Aktivitas penjualan tersebut berlangsung di area yang ramai dikunjungi keluarga, anak-anak, dan remaja, terutama pada malam hari, apalagi disaat aktivitas di mesjid terdekat sedang menjalankan ibadah sholat tarawih.

Petasan berbahaya ini dikeluhkan pengunjung karena suara ledakannya keras dan berpotensi menimbulkan kebisingan dan cedera jika terkena percikannya.
Sejumlah warga menyampaikan bahwa percikan api dari petasan dapat membahayakan orang di sekitar, terutama anak-anak yang belum memahami risiko penggunaannya.
“Ini sudah bukan sekedar mainan lagi bang, bahaya untuk anak-anak. Suaranya pun keras banget, bisa-bisa nanti jantungan lah orang disini dibuatnya”, sebut Wati seorang pengunjung Taman Kota. 27/02/26 Malam.
Taman Kota Panyabungan yang berada di pusat keramaian seharusnya menjadi ruang publik yang aman dan nyaman. Namun, keberadaan pedagang petasan di sekitar lokasi justru menimbulkan rasa tidak aman.
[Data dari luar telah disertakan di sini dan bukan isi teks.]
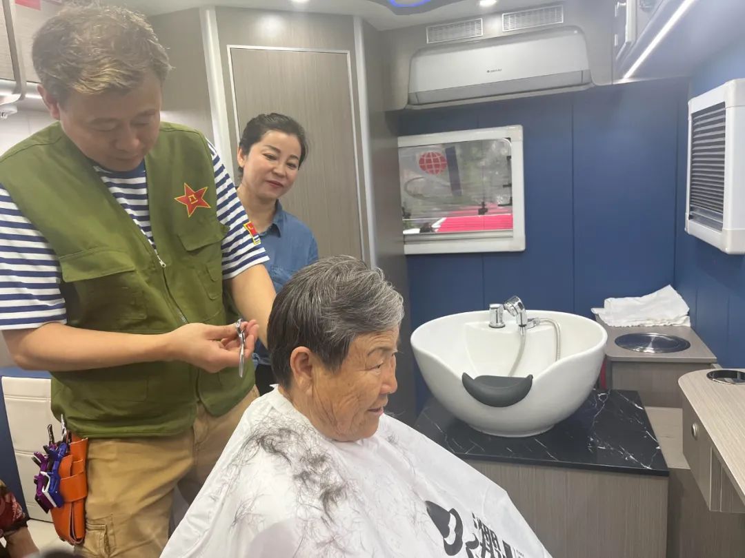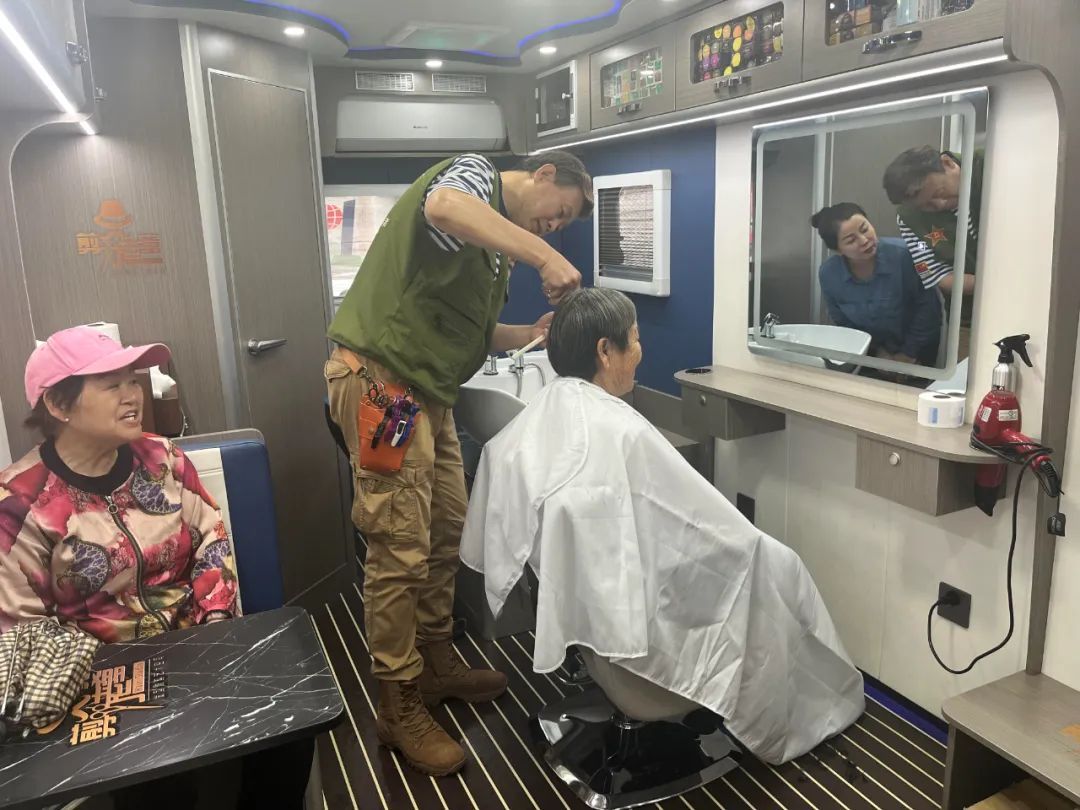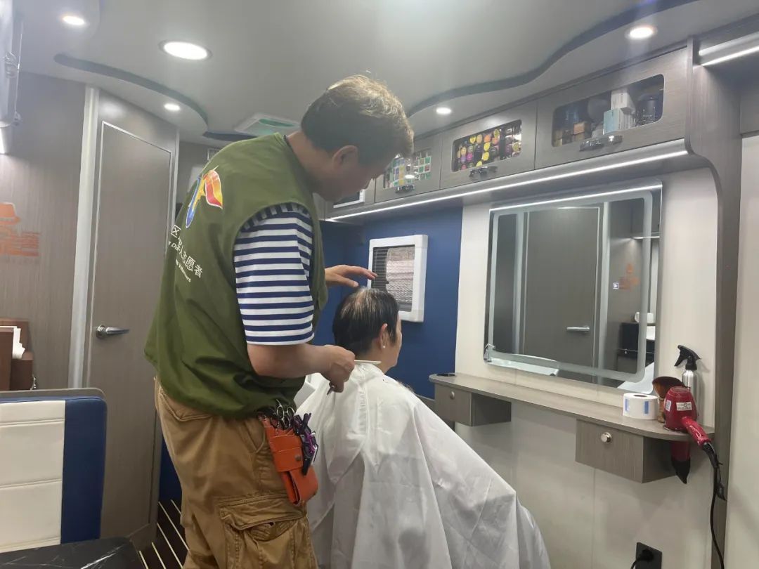 属于母亲节的上周末,奉贤西渡街道文怡社区的民居惊奇地发现,小区广场上多了一辆房车,房车的里面竟然是个理发工作室,阿姨妈妈们在家门口就能变美丽了。 上午10点,一辆房车改造的移动理发车开到了文怡花园的小广场,小区居民立刻好奇地张望,居民李阿姨成了第一个“吃螃蟹的”人,她兴冲冲地在车里张望,小小的空间内,洗发盆、半身镜、吹风机、热水、空调、剪发工具等一应俱全,理发师张师傅笑盈盈等待着大家,开启“随叫随到”理发服务。在听完李阿姨的要求后,张师傅先是干脆利落地剪掉每一茬横斜出来的头发,边剪边询问是否合适。短短15分钟,李阿姨就换了一个整齐清爽的新发型。而在房车外,阿姨们坐在雨棚下,拿着志愿者赠送的鲜花,笑容满面地拉家常,坐着轻松排队。 “这些都是我自己画图,然后标尺寸发给厂家。厂家再根据他们的车身尺寸为我量身定制而成的。”退役军人理发师张爱梅从事理发行业30多年,他说,“我把理发店所有的功能都在车上体现出来,洗头、烫发、染发都可以,还有卫生间,都是为了可以方便大家!” 除了贴心的房车理发服务,居委会和老兵服务社一起为居民提供了实惠的集市服务。虽然天气变化多端,时不时下雨,但居民们热情不减,撑着伞,在各个摊位上兜兜转转,寻觅心仪的货物,买点小菜,选点零食。志愿者们还贴心提供了鲜花,赠送给小区的妈妈们,让大家喜出望外。 文怡社区老兵服务社创始人薛福林介绍道:“我们已经是第二次来文怡社区活动了,之后我们每个月基本上会来一到两次。如果居民有需要,还会增加。我们会陆续挑选一些适合我们社区的公益活动,比如惠民洗衣等家政类服务。” 据了解,“老兵服务社”由文怡社区退役军人发起成立,以开展社区集市、设置门店为形式,深度链接西渡街道八个村和退役军人创业企业,加强产销对接促消费,为广大退役军人融入社会志愿服务事业提供平台,常态化开展环境卫生整治、困难救助、志愿巡防、高龄独居老人慰问等活动。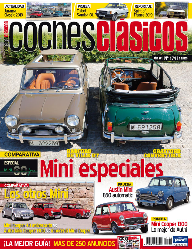 Especial 60 años de Mini. Radford de Ville GT Vs Crayford Convertible: Mini especiales en nuestra comparativa. Los otros Mini: Mini Cooper 40 aniversario Vs. Authi Mini Cooper 1300 Vs. Innocenti Mini Cooper. Probamos el Austin Mini 850 automatic y el Mini Cooper 1300, lo mejor de Authi. Además, probamos el Talbot Samba GL, visitamos Jarama Classic 2019 y Spirit Of France 2019.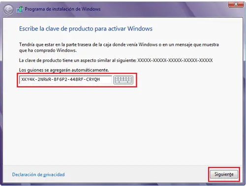 Après cela, Windows vous demandera automatiquement d’ entrer votre code de licence . Comme c’est le seul moyen d’avoir une version légale du système d’exploitation , vous devez l’avoir préalablement payé. Saisissez le code à 25 chiffres (sans saisir les tirets) et cliquez sur » Suivant «. Cette étape est obligatoire, donc si vous ne pouvez pas la faire, vous ne pourrez pas continuer.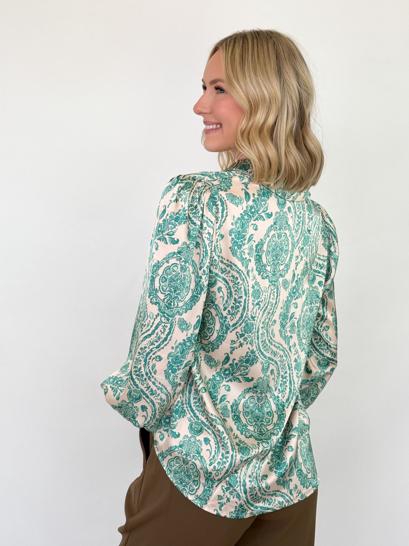 Introducing Christa - the blouse that's sure to make you stand out with its emerald print. Breathable satin material keeps you cool while the collared neckline and smocked sleeves add unique touches. Perfect for adding a pop of color to your wardrobe.
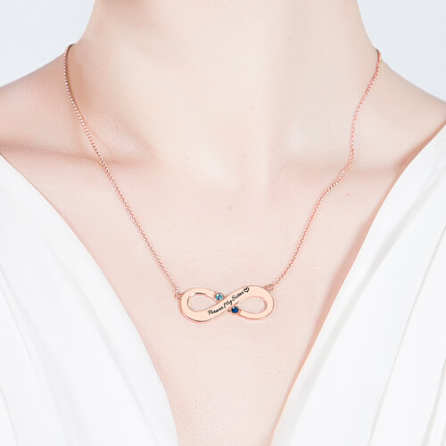 Att visa upp din oändliga kärlek till någon annan blev bara lättare och så mycket vackrare med parets oändliga halsband med födelsetstenar. På grundval av trenden med oändlighetssmycken har vi tagit infinity-halsbandet och gjort det ännu mer speciellt genom att lägga till möjligheten att gravera två namn och välja två födelsestenar. Detta vackra graverade infinity halsband gör en perfekt present till födelsedagar, årsdagar eller något annat speciellt tillfälle!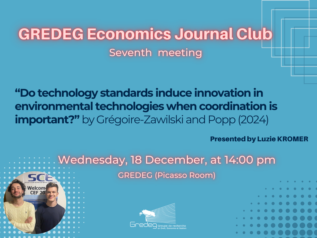 In this session, Luzie Kromer, visiting researcher from Technical University Berlin, will present the paper “Do technology standards induce innovation in environmental technologies when coordination is important?” by Grégoire-Zawilski and Popp (2024), which examines how interoperability standards affect firms’ innovation behaviour in smart-grid technologies. Luzie will also give a brief introduction to how standardization works and how standards can affect firms beyond purely economic outcomes.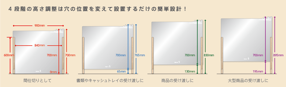 利用シーンに応じて、飛沫は防ぎながら下部に65mm、130mm、195mmいずれかのスペースをつくることができます。これにより、受け渡しがし辛い状況を解消します。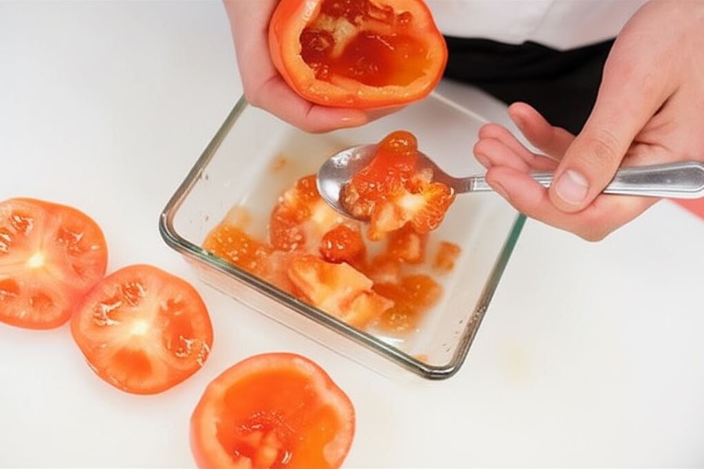 Pomidory opłucz i odetnij z góry krążek, następnie usuń nasiona, a miąższ przełóż do miseczki. Ugotuj ryż.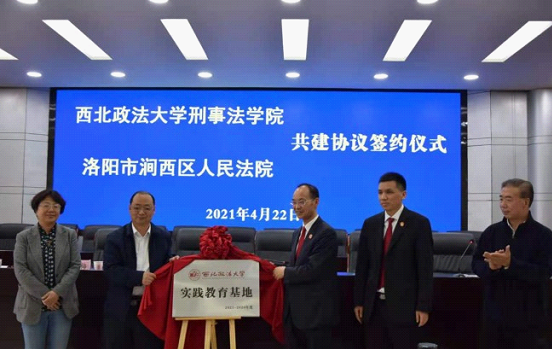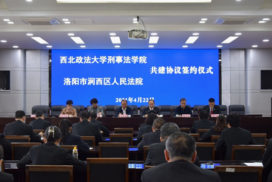 4月22日下午,awc777万象城娱乐官网与洛阳市涧西区人民法院共建协议签约仪式在涧西法院隆重举行。awc777万象城娱乐官网院长冯卫国,学院党委副书记、副院长侯红梅,教师代表侯智武,涧西区法院党组书记、院长陈建春以及员额法官30余人出席签约仪式。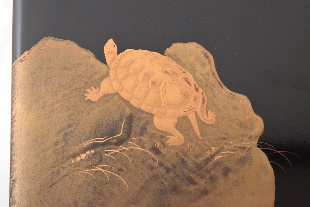 ラフジュ工房> 骨董・美術品> 骨董-漆器 > 明治期 鶴亀の図 内梨地 蒔絵 木製文箱(書箱、漆器)(R-052793)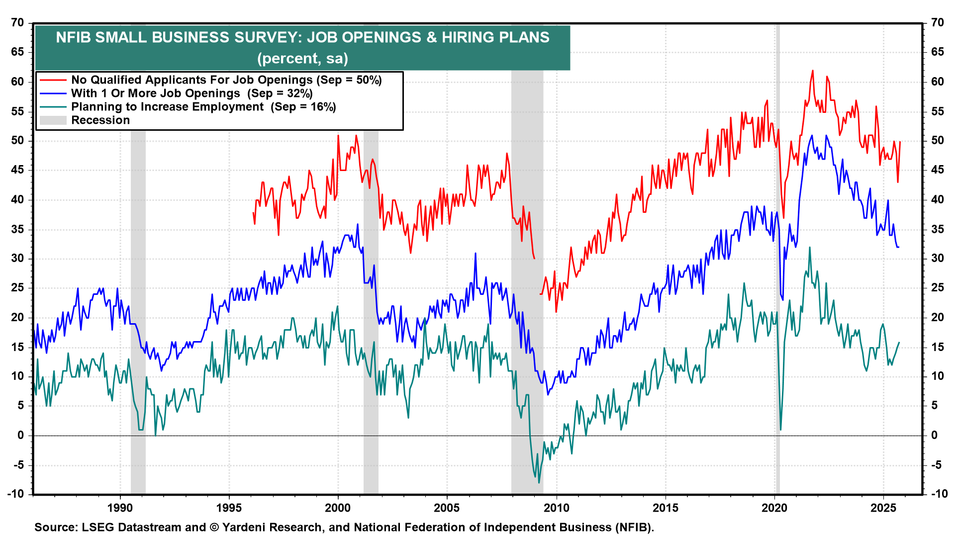 (1) Labor's warning label. Powell observed that the labor market has become “less dynamic and somewhat softer,” noting that “downside risks to employment appear to have risen.” Payroll gains, he said, have slowed sharply, though the government shutdown has delayed data that normally guides the FOMC. Powell emphasized that the job market shows low hiring and low separations, evidence of cooling without collapse (Fig. 4 and Fig. 5).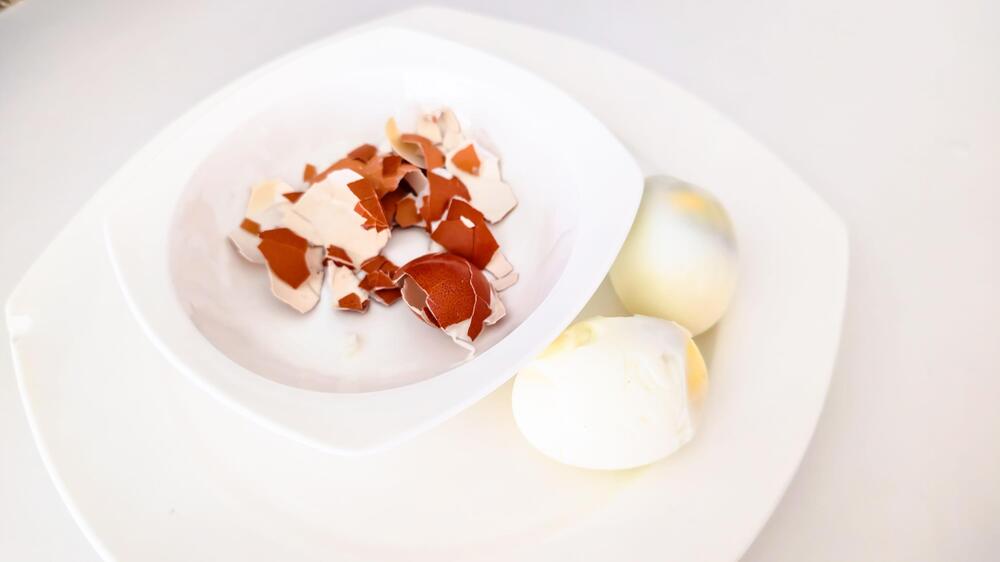Eierschalen kleben oft am Teller fest und das blosse Auskippen reicht manchmal nicht, um sie loszuwerden. Wer sich nicht die Mühe macht, auch die letzten Stückchen per Hand in den Abfalleimer zu streifen, nimmt in Kauf, dass die Schalen in der Spüle und letztendlich in den Abflussrohren landen. Genauso wie andere Feststoffe können sie sich dort ablagern und Probleme bereiten. Essensreste sollte man daher immer im Müll entsorgen.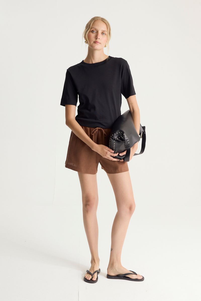 Remera de calce regular con escote a la base, manga corta y detalles de costuras confeccionada en perú en interloque de calidad premium 100% algodón pima
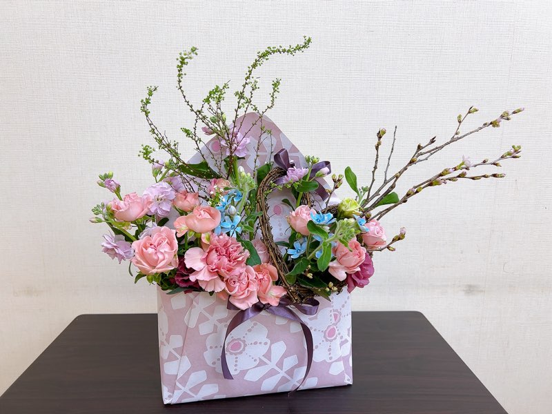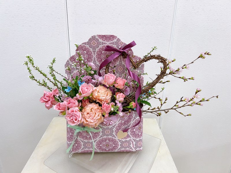 愛を伝えるラブレター、感謝を伝えるメッセージなど、いろんな思いをこのバレンタインアレンジに込めてみました。

Beberapa pengunjung mengaku terganggu dan khawatir terjadi insiden kebakaran atau luka bakar akibat ledakan yang tidak terkendali. Masyarakat menilai perlu ada langkah tegas dari Satuan Polisi Pamong Praja dan aparat kepolisian setempat untuk menertibkan penjualan tersebut.
Penegakan aturan dianggap penting guna mencegah risiko kecelakaan serta menjaga ketertiban umum di kawasan taman. Selain potensi cedera fisik, suara petasan yang meledak berulang kali juga dinilai mengganggu kenyamanan pengunjung lain.
Lingkungan yang seharusnya menjadi tempat bersantai berubah menjadi bising dan tidak kondusif. Warga berharap pemerintah daerah segera melakukan pengawasan rutin dan tindakan penertiban terhadap pedagang yang menjual petasan berbahaya di area taman.
Penertiban ini diharapkan mampu menciptakan suasana yang lebih aman, tertib, dan ramah bagi seluruh lapisan masyarakat.
Hingga saat ini, masyarakat menunggu respons resmi dari pihak berwenang terkait keluhan tersebut. Keamanan ruang publik menjadi tanggung jawab bersama, namun pengawasan dan penindakan tetap berada di tangan aparat yang berwenang.